According to the above configuration, since "W1>W21" is satisfied, it is possible to reduce the risk of short-circuiting the top surface wiring 11t. Moreover, since "W21>W221+W222" is satisfied, the ratio of the main body portion 111t to the top surface wiring 11t increases. Therefore, when a material with a low resistivity is used as the conductive material of the main body portion 111t, the resistance of the top surface wiring 11t can be reduced.

Further, when the thickness of the top surface wiring 11t is T1, the thickness of the main body portion 111t is T21, and the thickness of the coating layer 112t in the direction perpendicular to the top surface 21t (Z direction) is T22, preferably T1>T21> 2×T22 is satisfied. Here, "the thickness of the coating layer 112t in the direction orthogonal to the top surface 21t" means the thickness of the coating layer 112t in the portion overlapping the main body portion 111t when viewed from the direction orthogonal to the top surface 21t. It refers to the thickness (in other words, the thickness of the coating layer 112t present directly above the main body portion 111t in that direction).

According to the above configuration, since "T1>T21" is satisfied, the size of inductor component 1 in the direction orthogonal to top surface 21t can be further reduced, and inductor component 1 can be further miniaturized.
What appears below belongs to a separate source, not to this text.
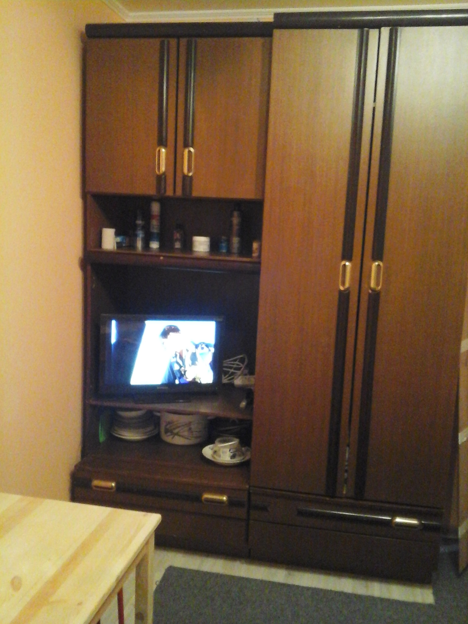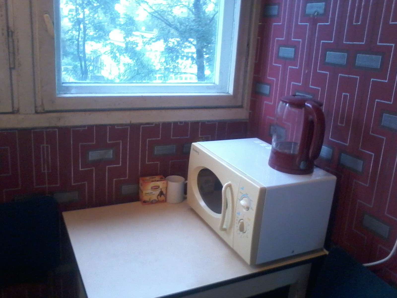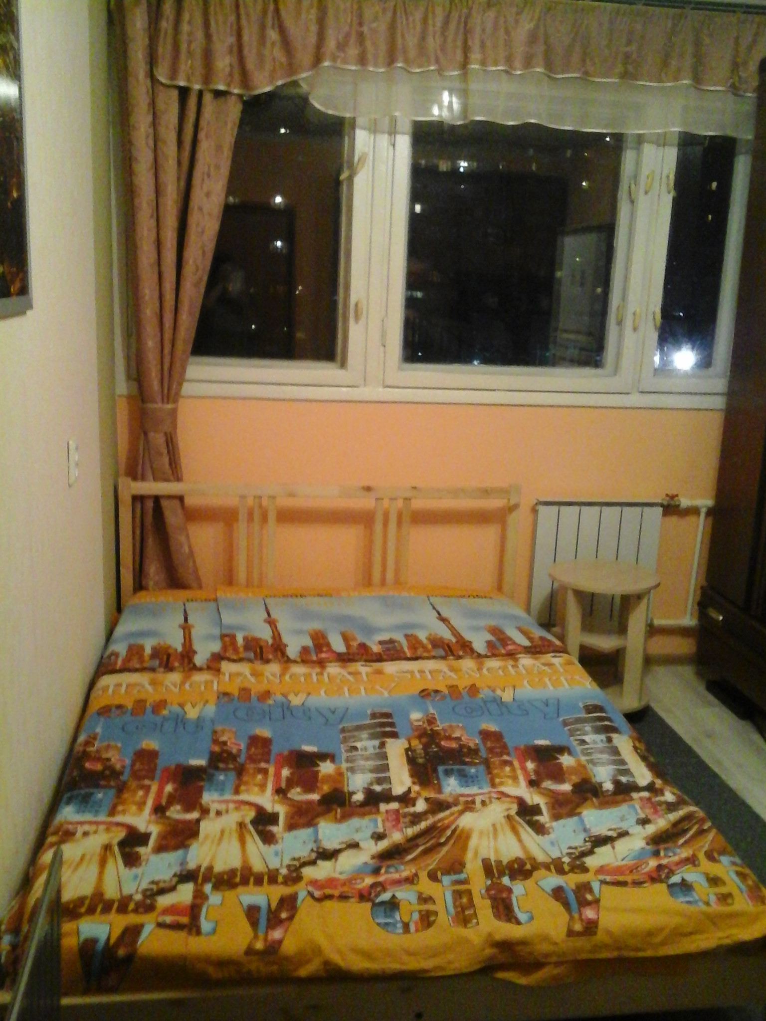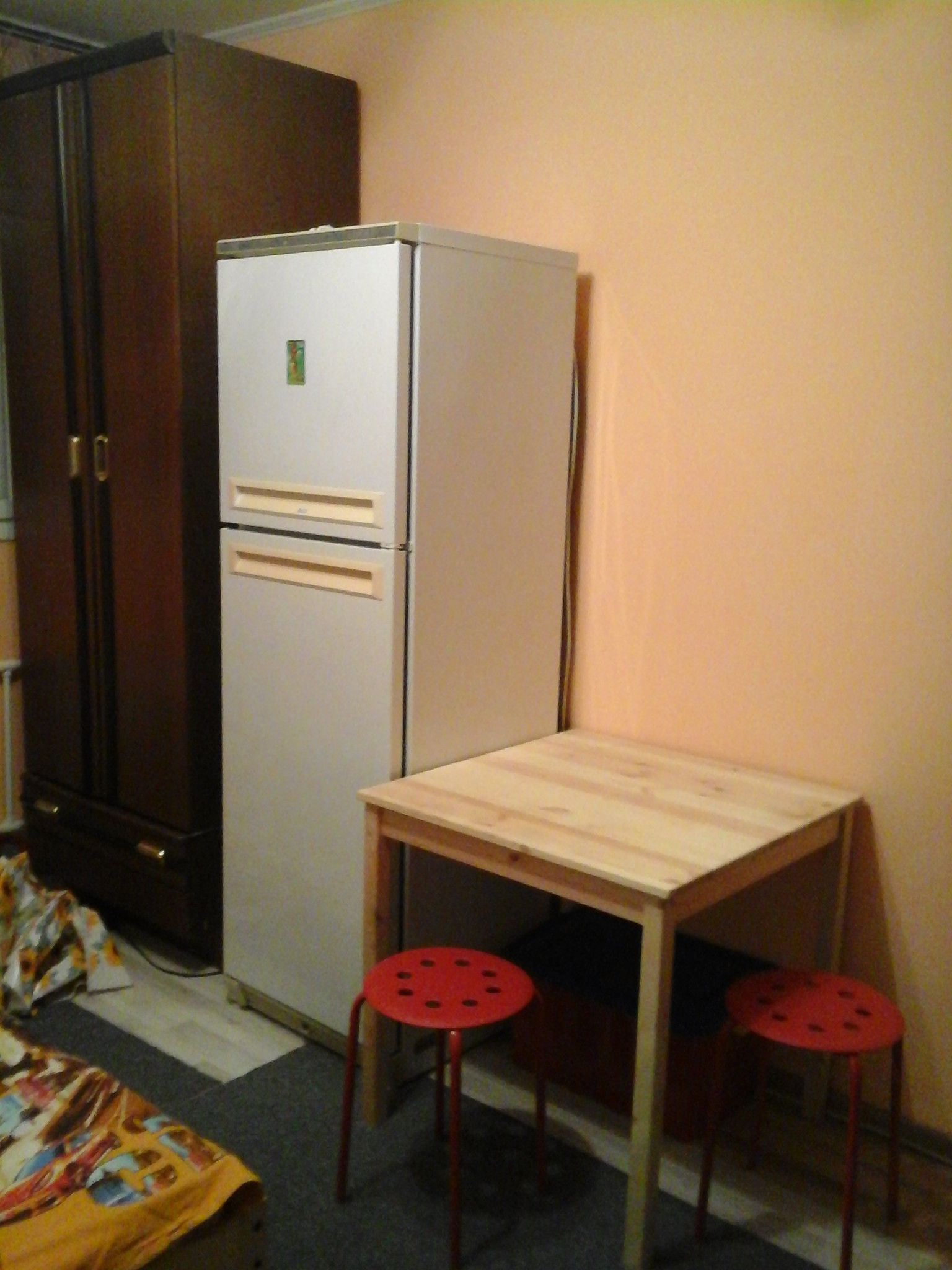 Окна в тихий, зеленый двор. Есть кровать. Стол, тумбочка и шкаф.

Further, in the photolithography process, in order to improve the resolution, it is preferable that the gap between the body portions 111t adjacent to each other in the Y direction (indicated by symbol L in FIG. 4) be the same as the thickness T21 of the body portion 111t. . When the gap between the adjacent body portions 111t is the same as the thickness T21, according to the above configuration, in order to satisfy “T21>2×T22” (that is, the gap between the body portions 111t adjacent in the Y direction is , and more than twice the thickness T22 of the covering layer 112t), short-circuiting between the top wirings 11t can be suppressed.

(First external electrode 121 and second external electrode 122)
The first external electrode 121 is provided on the first end surface 100 e 1 side with respect to the center of the element body 10 in the X direction so as to be exposed from the outer surface 100 of the element body 10 . The second external electrode 122 is provided on the second end surface 100 e 2 side with respect to the center of the element body 10 in the X direction so as to be exposed from the outer surface 100 of the element body 10 .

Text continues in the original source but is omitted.